La primera noticia que destaca del New York Times (NYT) sobre el inicio de acciones en el Caribe es publicada el 3 de marzo de 1940, reportando el hundimiento de un barco noruego torpedeado por un submarino alemán. En la misma nota se relata la persecución de tres buques mercantes alemanes en aguas de las Indias Occidentales, que partiendo de Aruba trataron de romper el bloqueo inglés. El primero, el Troja, fue hundido por un submarino holandés cerca de su puerto de salida, y sus tripulantes fueron rescatados por una nave de guerra británica. Los otros dos, el Heidelberg y el Antilla, fueron interceptados cerca de la isla de Curazao y remolcados a Trinidad.

. Barco petrolero aliado se hunde luego de un exitoso ataque por parte de un U-Boot alemán, octubre de 1942.

Barco petrolero aliado se hunde luego de un exitoso ataque por parte de un U-Boot alemán, octubre de 1942.
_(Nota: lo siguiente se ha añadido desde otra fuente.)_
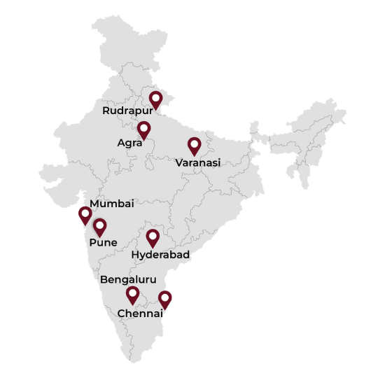 Hyderabad Mumbai Pune Bengaluru Agra Rudrapur Varanasi Chennai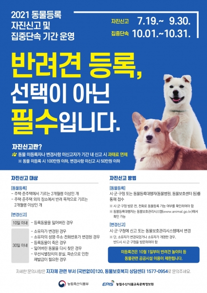 이번 자진신고기간 내 반려동물을 신규로 등록하거나 변경사항을 신고하면 미등록 및 변경신고 지연에 따른 과태료가 면제된다.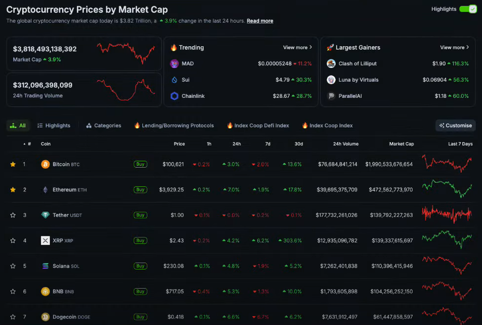 Ngày qua, BTC đã tăng trở lại trở về trên 100,000 USD. Nhiều altcoin lớn tăng trưởng. Vốn hóa thị trường crypto cũng đã tăng lên mức 3.8 nghìn tỷ USD.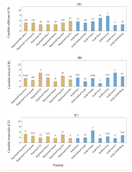 Overall, the EO of wild hemp has shown greater antimicrobial activity against Staphylococcus susp. aureus, Enterococcus faecalis, and G−Yersinia enterocolitica, Salmonella enterica subsp. enterica, and yeasts Candida albicans and Candida tropicalis compared with the EO of registered cultivars.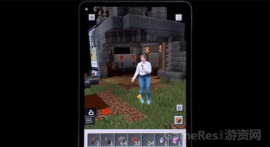 除了 AR 功能外,游戏中针对 iOS 版本还支援了 People Occlusion,该功能让使用者能将人物以真实大小直接放入《Minecraft Earth》的 3D 全像投影(Holography)中。玩家可以在创作物中走动,或观察朋友正在创造的过程,彷彿创作真实来到《我的世界》。另外,透过 Motion Capture 动态捕捉,玩家还能与游戏中的角色连动。该功能将会针对玩家现实中的手势,触发游戏中的预设关联动画。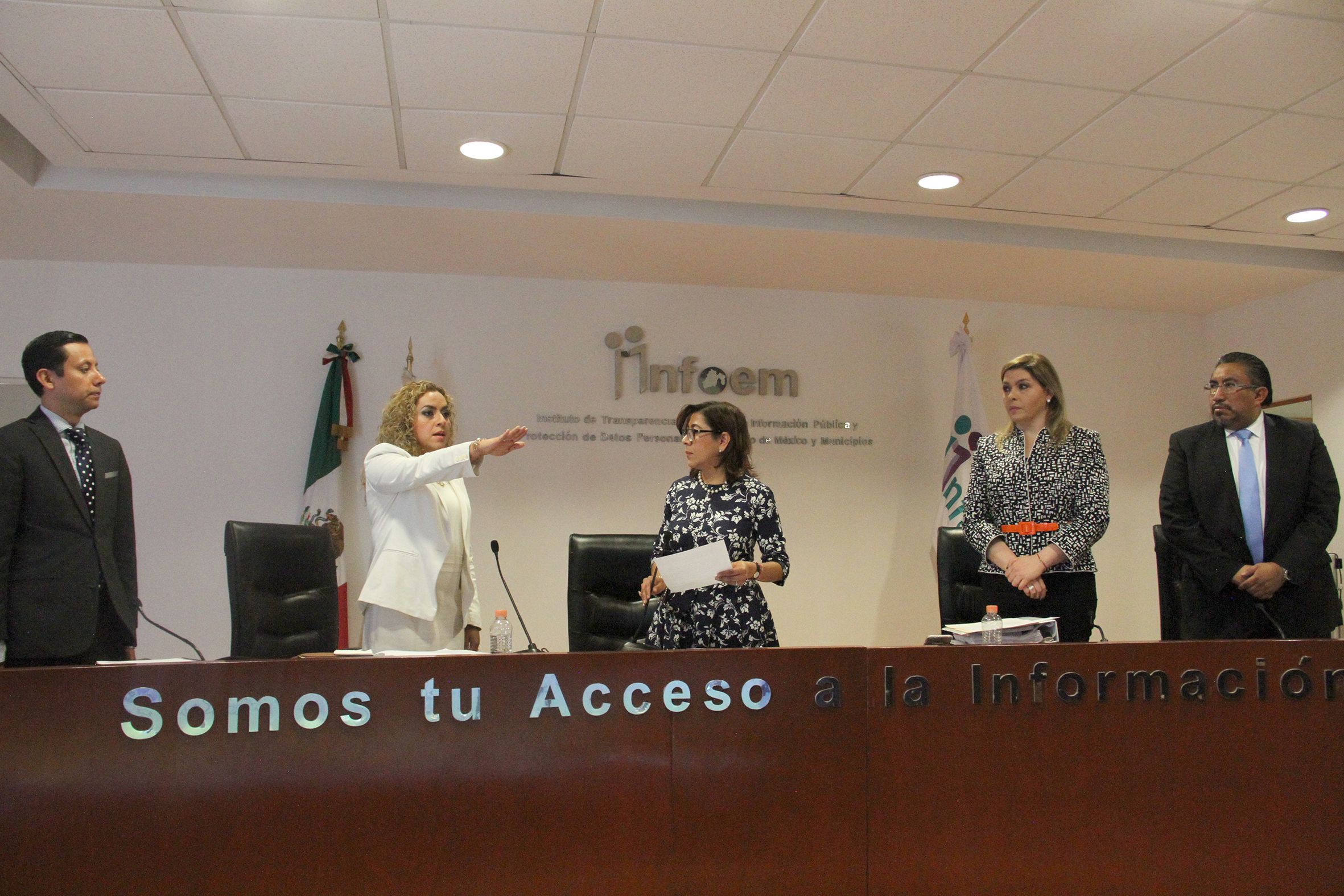 Durante la 4ª sesión extraordinaria del Pleno del Instituto de Transparencia, Acceso a la Información Pública y Protección de Datos Personales del Estado de México y Municipios (Infoem), de conformidad con los plazos previstos en la legislación local de la materia, la Comisionada Zulema Martínez Sánchez asumió la Presidencia de este órgano garante, luego de la realización del respectivo procedimiento electoral, en el cual emitieron su voto las Comisionadas Eva Abaid Yapur y Josefina Román Vergara y los Comisionados José Guadalupe Luna Hernández y Javier Martínez Cruz.

En Guatemala mientras tanto, pese a la inicial oposición del presidente Jorge Ubico, en enero de 1940, se instalaron dos bases aéreas en territorio nacional; una en la costa del Pacífico y otra en el aeropuerto La Aurora, que al parecer eran parte de una estructura de “apoyo” o “emergencia” en la que funcionaban como principales bases las de Guantánamo, Gonaïves, Vieques y Balboa, en la Zona del Canal. Aunque la información es escasa y dispersa, se puede reconstruir en líneas generales que se establecieron en el país dos flotillas aéreas de la Marina de Estados Unidos, para asistir a naves de superficie y submarinas en sus patrullas en la costa pacífica del istmo. Una flotilla de bombarderos y otra de aviones de caza, estarían listas para proteger el Canal de Panamá y para reforzar militarmente a Guatemala, que contaba con una gran colonia alemana. La presencia de soldados y aviadores norteamericanos también implicó nuevo material bélico para el ejército de Guatemala, como los 12 tanques Sherman asignados a la Guardia de Honor y una batería de cañones Howitzer, asignada a Matamoros.

El año de 1940 resultó uno de los peores años para la historia británica, pues estuvo completamente sola frente a la amenaza nazi que parecía imparable. Con Francia derrotada, durante los días del 26 de mayo al 4 de junio se dieron los dramáticos hechos de la evacuación de Dunkerque, que pese a resultar exitosa por la casi total recuperación de la Fuerza Expedicionaria Británica (FEB) y otras tropas aliadas, Churchill, el primer ministro británico durante su discurso al pueblo británico pidió no dejarse llevar por el optimismo, “pues las guerras no se ganan con evacuaciones.” Pese al duro recordatorio, el líder británico tuvo un mensaje con un tono más seguro en su discurso ante el Parlamento, pronunciado meses después, el 20 de agosto de 1940: “…Hago un repaso de todos estos hechos pues la gente tiene el derecho a saber que tenemos bases sólidas para el optimismo que sentimos, y que tenemos una buena razón para saber que somos capaces, como lo he repetido incluso en las horas más oscuras dos meses atrás, de continuar la guerra, solos si es necesario, y si es necesario, por años…”.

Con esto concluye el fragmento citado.